Klippel-Trenaunay-Type Syndrome (KTTS) is a rare congenital anomaly with variable expression and an unknown etiology characterized by capillary and venous malformations and hypertrophy of bone and soft tissue. Pregnancy has been rarely reported in patients with KTTS and since 1989 there have been only 13 case reports of pregnancy in women with KTTS reported in the literature. Concurrent pregnancy is associated with adverse perinatal outcomes. To the best of our knowledge this is the second reported, and largest, series of cases.
After a thorough review of the literature, the medical records of four obstetrical patients with KTTS were reviewed.
The obstetrical course of women with KTTS varies. Complications include bleeding, DIC, thromboembolic events, and pain.
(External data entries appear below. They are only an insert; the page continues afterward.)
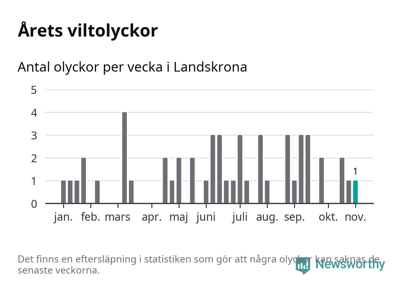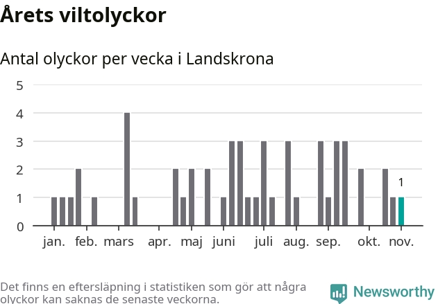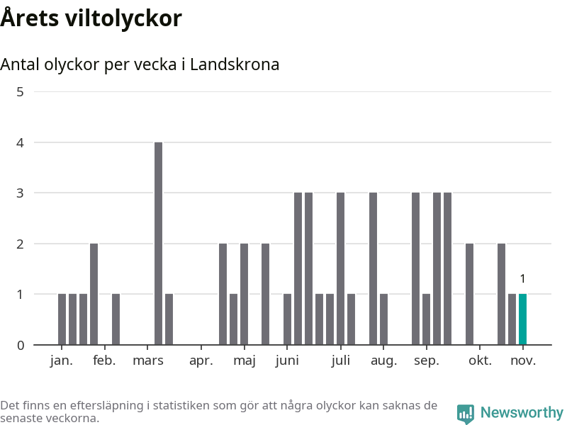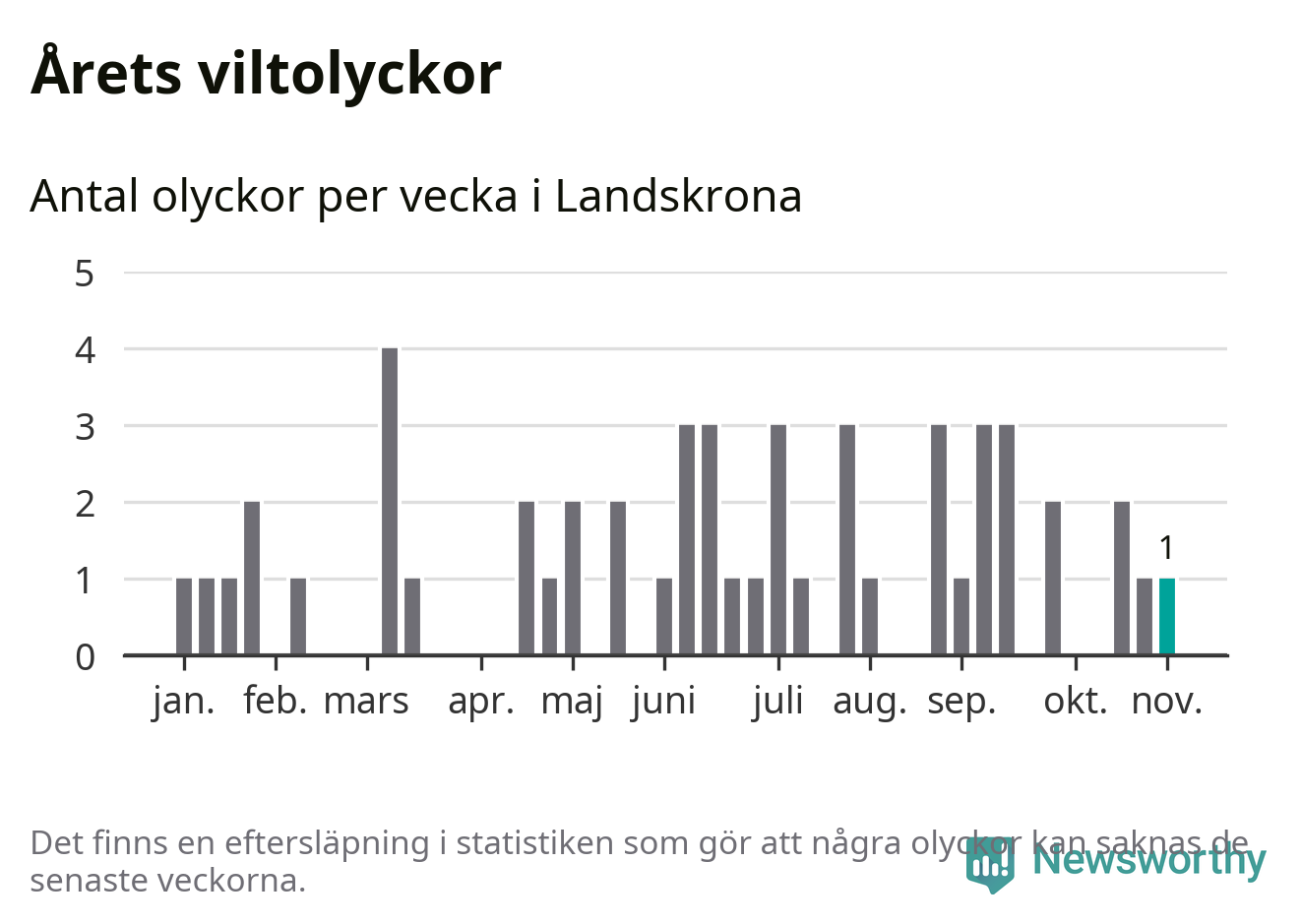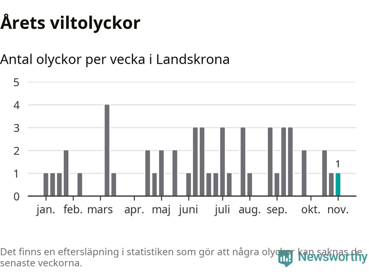 Från förra veckan (vecka 45) har hittills en viltolycka rapporterats in i Landskrona kommun.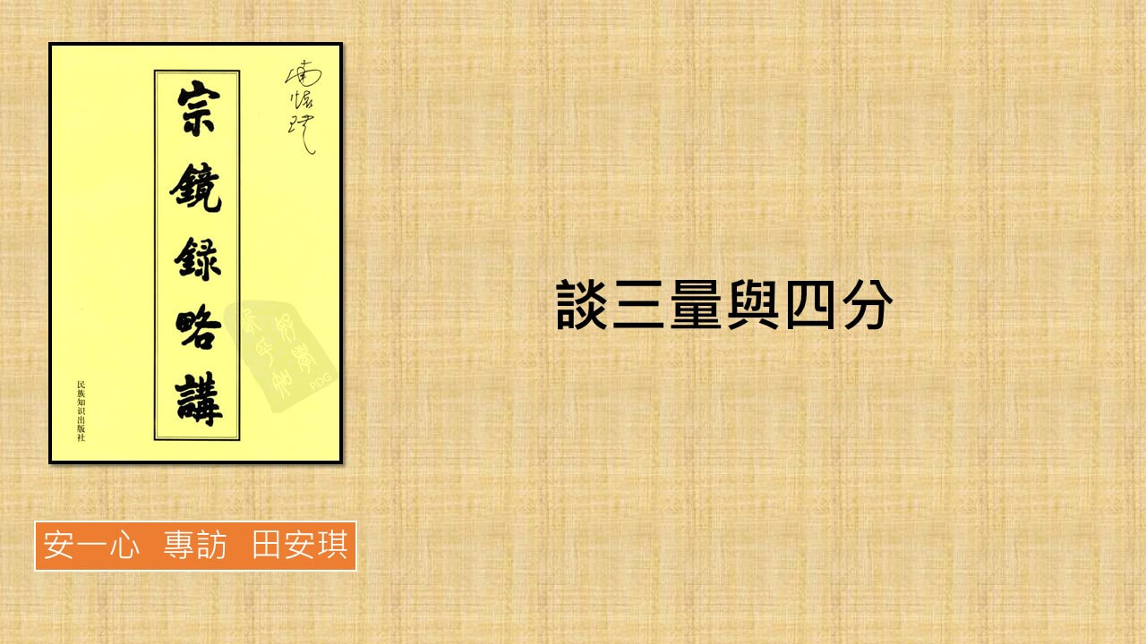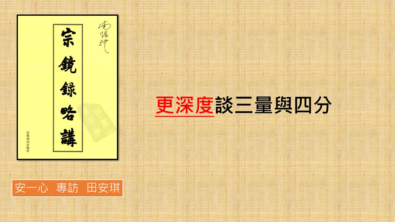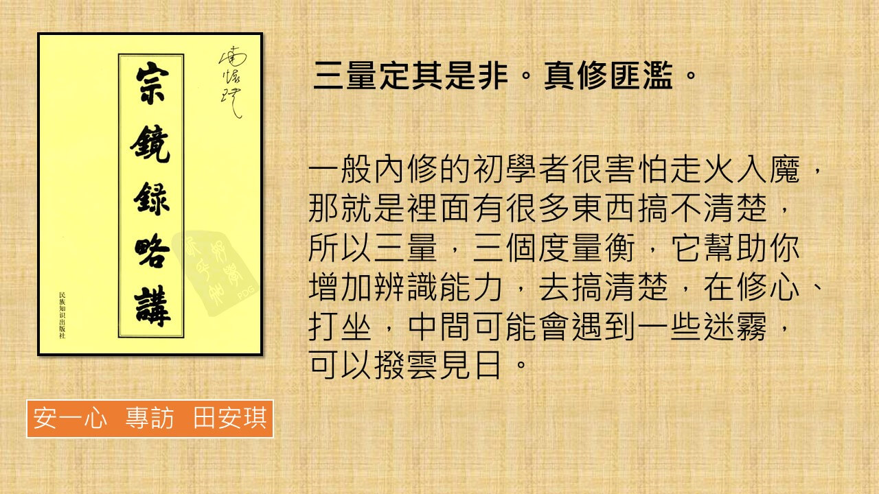 上一集談到宗鏡錄前言裡面一段話,我取一段,覺得很實用的,再重述一遍,三量定其是非。真修匪濫。三量上一集已經講過哪三量,新的聽眾可以再回去找,知道的話對辨識能力很有幫助。
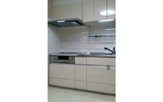 キッチンのリフォームをさせていただきました。クリームイエローの明るいキッチンに合わせて、壁クロス、床クッションフロアの貼り替えも行いました。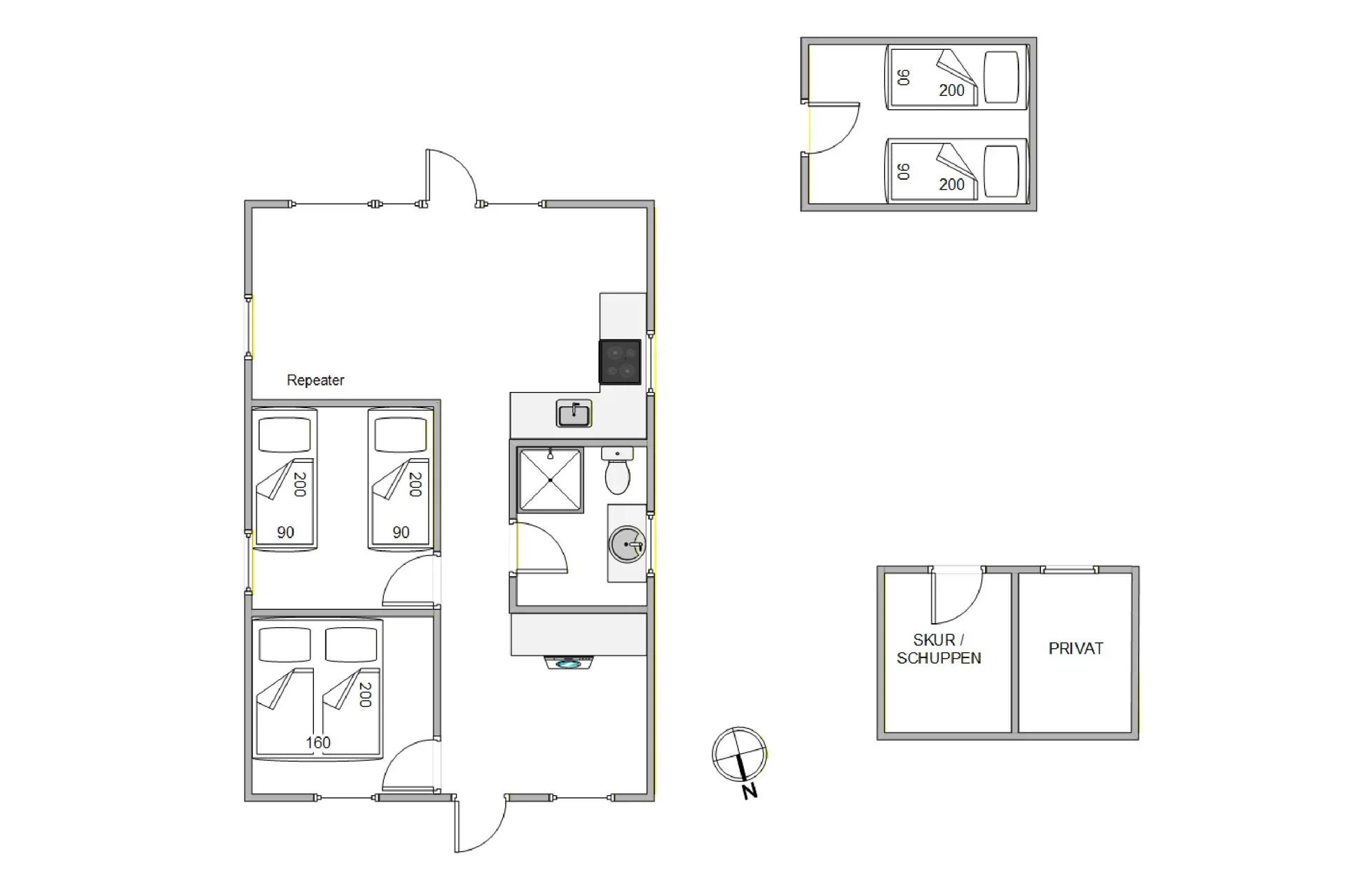 Das Ferienhaus verfügt über 6 Schlafplätze, verteilt auf 2 funktionale Zimmer. Ein Zimmer ist mit einem Doppelbett ausgestattet, das andere mit 4 Einzelbetten – ideal für Kinder oder Gäste. Hinzu kommt der 13 m² große Anbau, der zwei zusätzliche Schlafplätze und etwas mehr Privatsphäre bietet.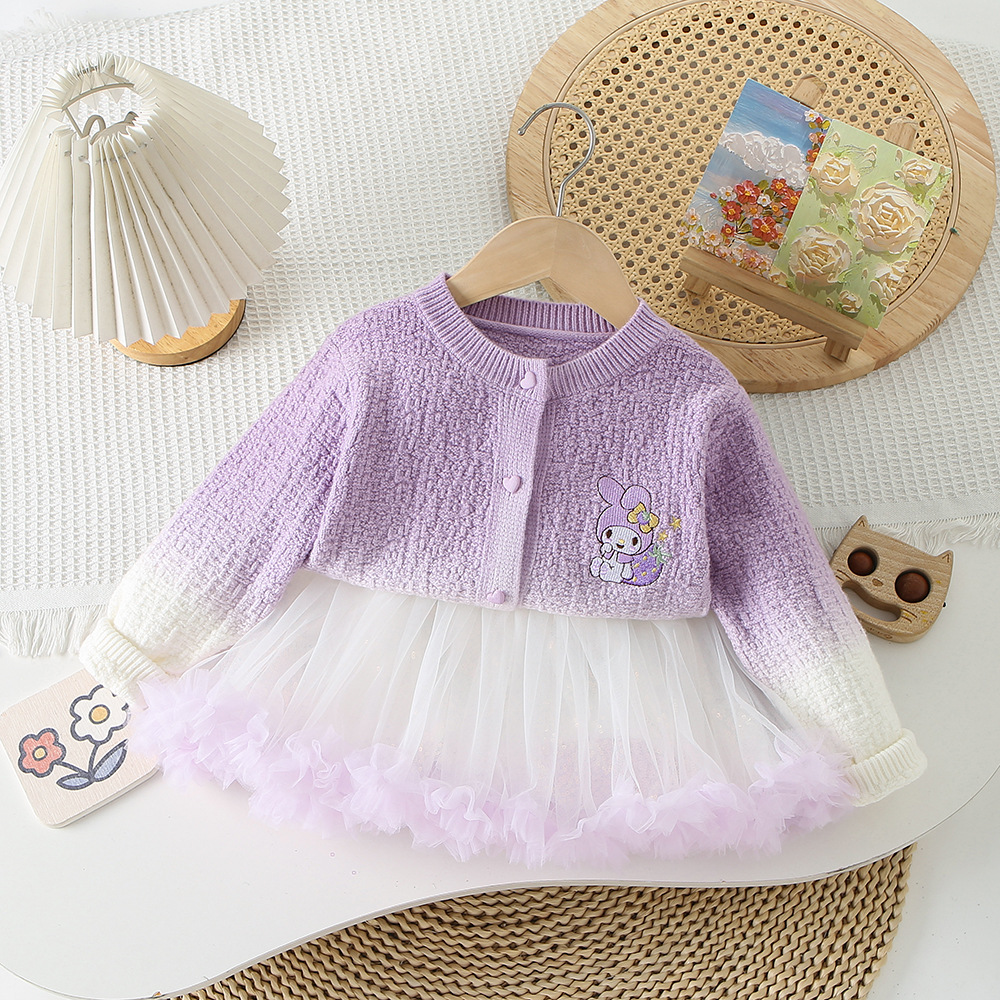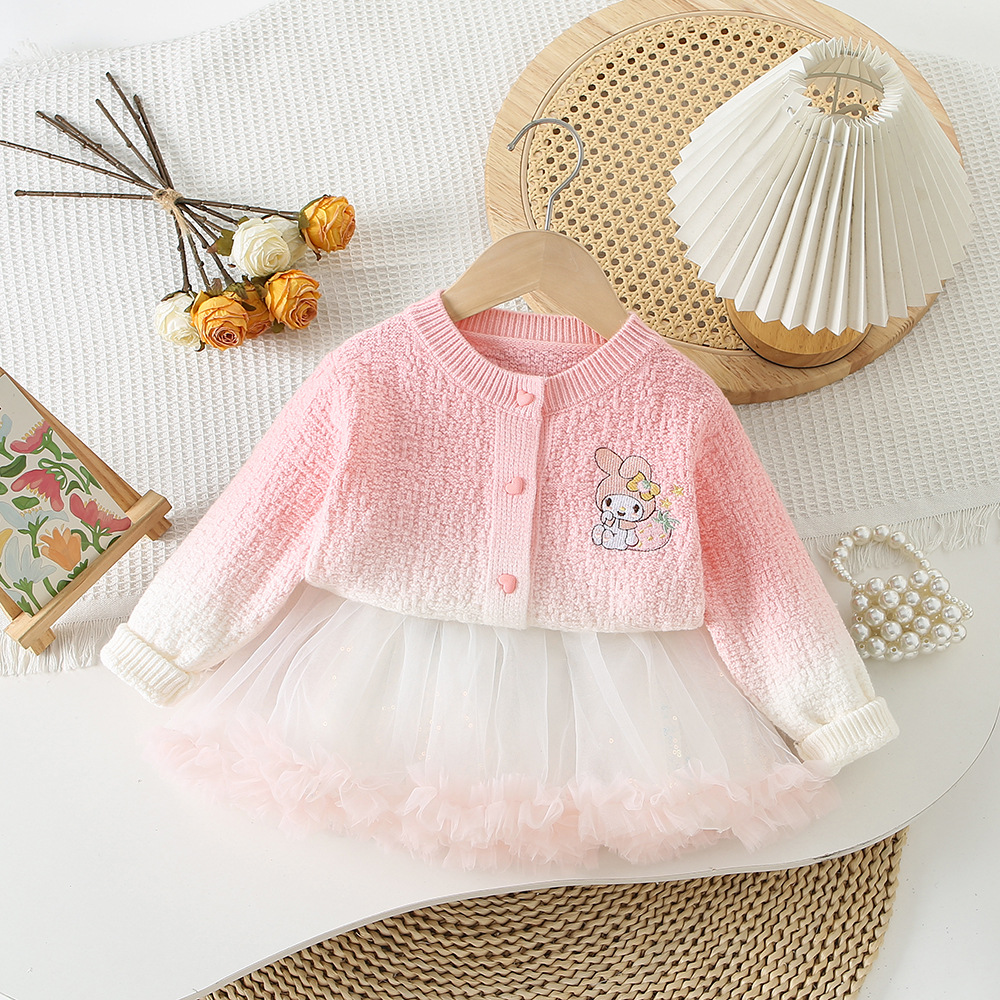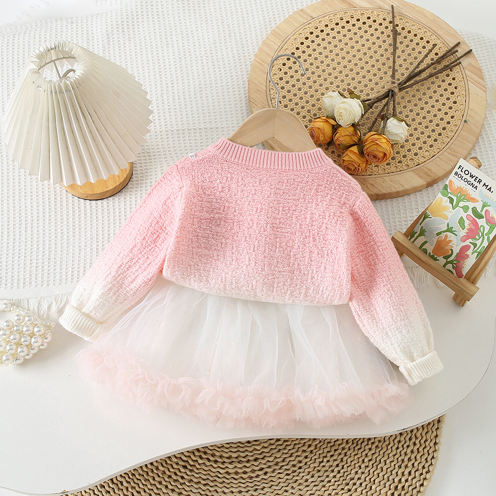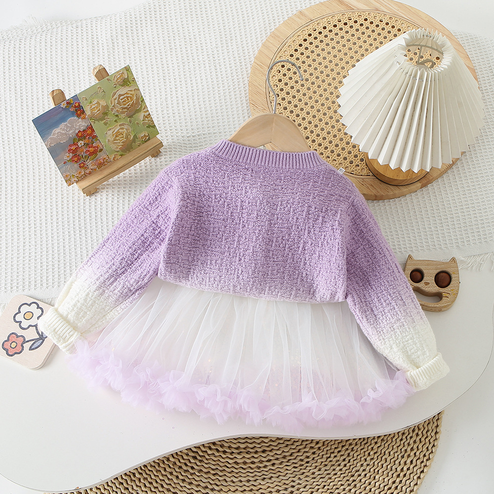 봄 가을과 가을 세트 소녀 새로운 아이들의 세련된 유행 옷 아기 메쉬 투투 스커트 세트 봄과 가을

The maternal and fetal risks associated with pregnancy in women with KTTS are proportional to the severity of disease, which can be exacerbated by pregnancy. Thoughtful preconceptional counseling, along with methodical and systematic intrapartum and postpartum care are keys to reducing mortality and morbidity.
Obstetricians & Gynecologists, Family Physicians
After completion of this article, the reader should be able to recall that the Klippel-Trenaunay-Type Syndrome (KTTS) is rare; explain that it is associated with vascular malformations and hypertrophy of bone and limb which may be manifested at birth; and state that pregnancy reports are sparse but adverse pregnancy outcomes may include bleeding, DIC, thromboembolic events, and pain in the affected limb.